Skocz do zawartości

A idź pan w pyry

  • wpisy
    345
  • komentarzy
    4878
  • wyświetleń
    461776

Pełniaki pełne sentymentu


Qbuś

1312 wyświetleń

Jak na bloga będącego częścią serwisu internetowego CD-Action zaskakująco mało piszę (zresztą nie tylko ja) tu o samym CD-Action. Pora nieco nadrobić tę zaległość. Może zacznę niezbyt fortunnie, bo od pełnych wersji. Chcąc nie chcąc, to właśnie pełne wersje były tym, co przyciągnęło mnie do CDA, a zapewne one, a właściwie pionierstwo pełnopłytowości, ugruntowały pozycję CDA na rynku. Ja zbieranie zacząłem od numeru 25 z 1998 roku, a numer 25 z 1998 wyglądał tak:

2e1f2174f120031cmed.jpg

Warto wspomnieć, że w tym numerze recenzowany był Starcraft, który oceniony został nie do końca rewelacyjnie. Ale nie o tym miałem. Jak wspomniałem na początku pisać chciałem o pełniakach. Żeby jednak nie popadać w sztampę nie będę pisał o pełniakach najlepszych, ale o tym, w które najwięcej grałem.

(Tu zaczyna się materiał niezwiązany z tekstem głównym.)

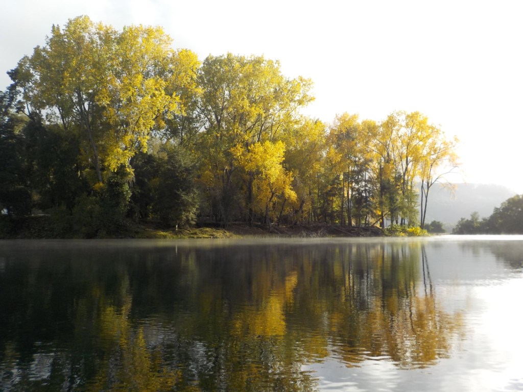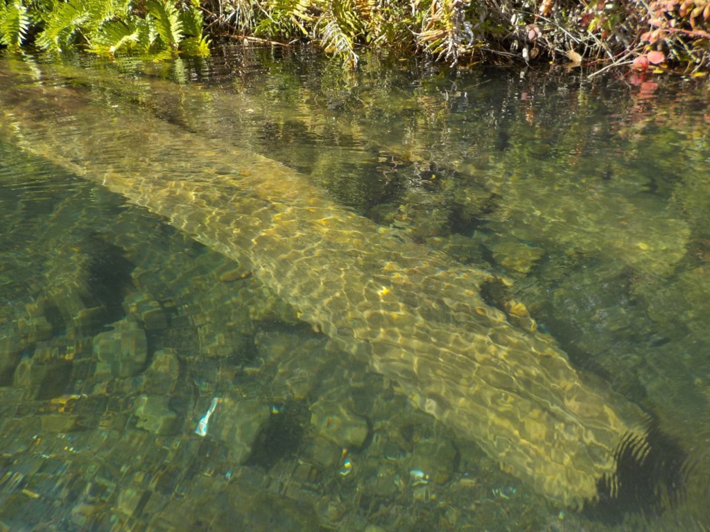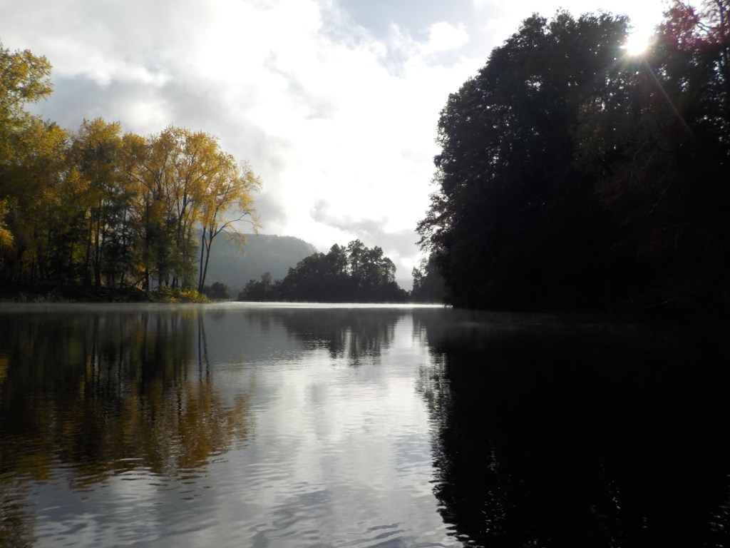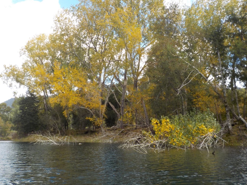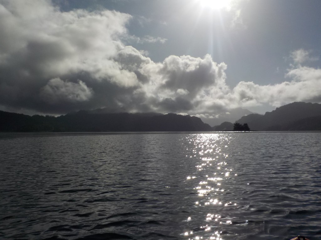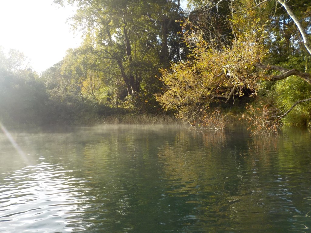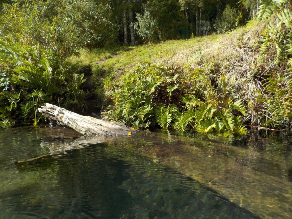 After breakfast, we got a lift in the Ute of our hosts to the same lookout where we had stopped on our way to the Cabañas the day before where we put the open double kayak in the water. We had two hours to explore the lake on our own. It was magical with steam rising over the lake, autumn coloured leaves falling and we really enjoyed the two hours on the water. We paddled 6km in total and made it a fair way across the lake and we managed to get a glimpse of the top of volcan Villarrica when the clouds lifted enough to briefly see the peak. We were back by 12:00 noon and our lovely hosts came to pick us up.

Dlatego proszę się nie denerwować, że pominąłem grę taką czy owaką - chodzi mi o granie w pełniaki z CDA na płytach z CDA. Także nie znajdziemy w zestawieniu Morrowinda, który w CDA był, ale ja zagrywałem się w niego wcześniej.

_CD__by_Kott93.jpg

W drogę!

  • Prisoner of Ice

    okl_Prisoner_Of_Ice_pc_okl.jpg

    Pierwsza pełnopłytowa przygodówka w CDA i to od razu Cthulu i Lovercraft. Pamiętam, że męczyłem się sporo jako przygodówkowy żółtodziób i musiałem nieco posiłkować się solucją. Z fabuły za wiele nie pamiętam, ale pamiętam za to gęsty klimat, który przykuł mnie do monitora.

  • Virtua Cop 2

    Celowniczek! Jeden z moich ulubionych gatunków gier, niestety niemiłosiernie zaniedbany na piecach. Tę grę przeszedłem wzdłuż i wszerz, a że nie była długa, to kilkanaście przejść to wcale nie tak wiele. Chyba będę musiał poszukać tej płyty...

  • Shogo

    256px-ShogoBox.jpg

    Wielkie roboty z wielkimi spluwami!!! Na dodatek z opcją transformowania w samochodzik!!! Ach, czegóż więcej może chcieć chłopak? Ja nie potrzebowałem nic więcej i bawiłem się świetnie. Pamiętam, że chyba nawet fabuła nie była taka tragiczna i była opcja opowiedzenie się po jednej ze stron. Walki mechów i akcja stały na całkiem niezłym poziomie.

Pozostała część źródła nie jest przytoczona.